The Committee believes that the Company's overall financial performance should
be a significant consideration in establishing the total compensation of the
Company's executive officers.In the Committee's view, at the executive officer
level, a greater

                                       12



proportion of total compensation should consist of variable, performance-based
components, such as bonuses, which can increase or decrease to reflect changes
in corporate and individual performance. These incentive compensation programs
are intended to reinforce management's commitment to enhancement of
profitability and stockholder value.

From time to time the Commmittee evaluates the Company's total compensation
package in light of those of other analog and mixed-signal semiconductor
companies of comparable size. This data is used primarily to ensure that the
Company's executive compensation program as a whole is within the broad middle
range of comparative pay for similar sized companies. The Committee does not
target a specific position in the range of comparative data for each individual
or for each component of compensation. When deemed appropriate by the Committee,
independent compensation and benefits consultants are retained to assist in
evaluating the Company's executive compensation programs. This provides
additional assurance that the programs are reasonable and appropriate to the
Company's objectives. Individual compensation for each executive officer is
established in view of the comparative data and other relevant factors such as
level of responsibility, prior experience, and the Committee's subjective
judgment as to the individual's contribution.

The Company's compensation program has base salary, bonus, and equity-based
compensation as its three principal components.

    .    An individual's base salary is predicated on industry and peer group
         comparisons and on performance judgments as to the past and expected
         future contributions.

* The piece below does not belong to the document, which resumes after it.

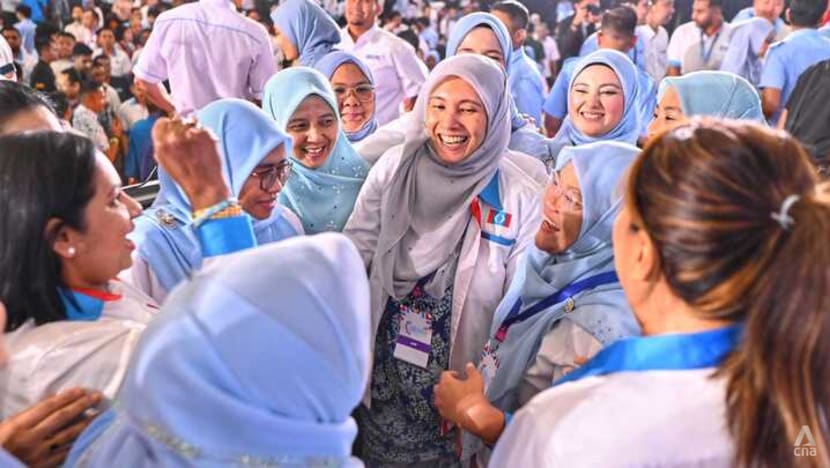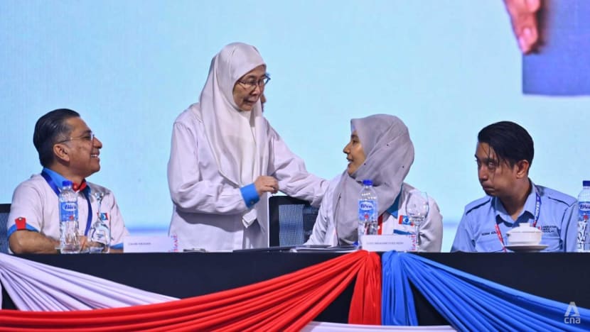 Malaysia Prime Minister Anwar Ibrahim speaks to his daughter Nurul Izzah at the 18th PKR National Congress at Persada International Congress in Johor Bahru, Johor, on May 24, 2025. (Photo: CNA/Zamzahuri Abas)
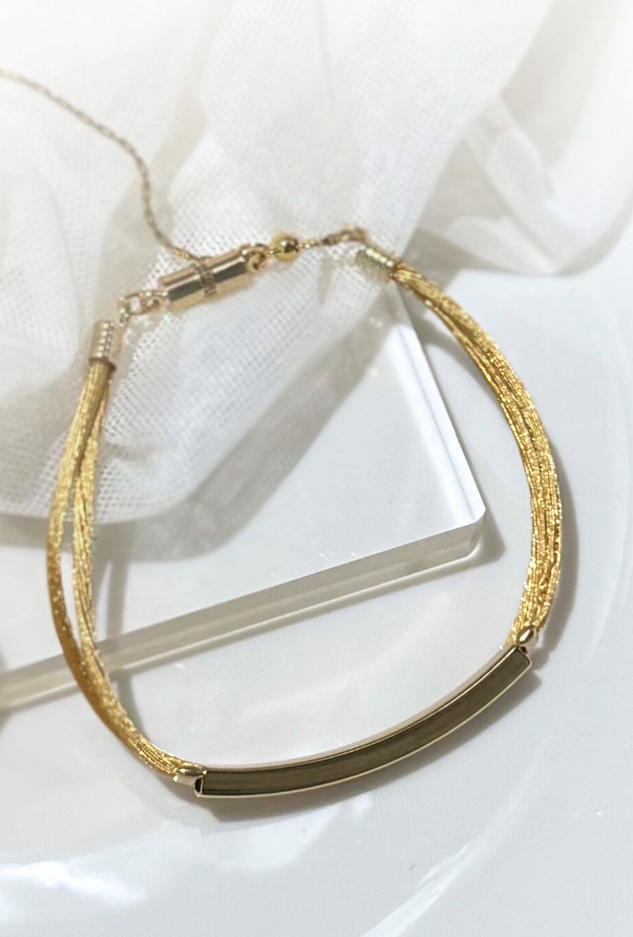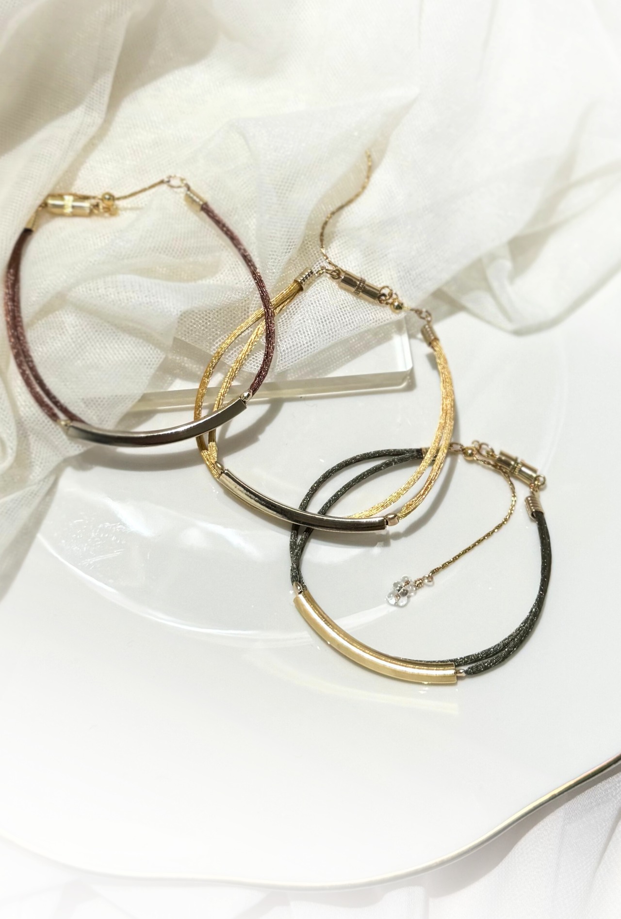 ・ボリュームのあるバングルや腕時計と重ね着けする場合は、少し短めに手首のサイズ丁度でご着用いただくのがおすすめです^ ^

In general, salaries are set based on median
         salaries for similar executives of similar sized companies in the high
         technology industry.

    .    The Company has a discretionary key employee incentive pool pursuant to
         which executive officers and other key employees may receive annual
         cash bonuses. Individual bonus awards are made based on the Company's
         achievement of measurable items such as orders, revenue, and net income
         and upon attainment of the individual's personal and departmental goals
         and overall performance. Executive officers may elect early in the
         fiscal year to receive up to 50% of any bonus that may be earned in
         that fiscal year in the form of stock options. If a bonus is awarded
         (in the early part of the next fiscal year), the number of options
         granted in lieu of bonus is calculated by multiplying the forgone cash
         bonus by four and dividing the result by the market price on the date
         of grant. The calculated number of options are priced at the market
         price on the date of grant, are immediately vested, and are subject to
         the terms and conditions of the applicable stock option plan and award
         agreement.

    .    Stock options are granted periodically to provide additional incentive
         to executives and other key employees to work to maximize long-term
         total return to stockholders. Most options granted by the Company prior
         to fiscal year 2001 had a three year vesting schedule. Most options
         granted since that date vest over a four year period to further
         encourage option holders to continue in the employ of the Company. In
         granting options, the Committee takes into account the number of
         shares, outstanding options held by the individual and the individual's
         performance and contribution to the Company's success.

Chief Executive Officer Compensation

In accordance with the compensation philosophy, stated above, and the Company's
results, Mr. Poe's base salary during fiscal year 2002 was $375,000, which was
the same salary he earned at the end of fiscal year 2001. His base salary is
designed to be competitive with base salaries paid to other chief executive
officers of corporations with similar revenues and scope of operations. During
fiscal year 2002, Mr. Poe received a bonus of $259,202 based upon his
performance during fiscal year 2001. This bonus was paid $129,601 in cash, with
the remaining $129,601 being exchanged for stock options. This bonus was 86% of
Mr. Poe's targeted bonus for fiscal year 2001.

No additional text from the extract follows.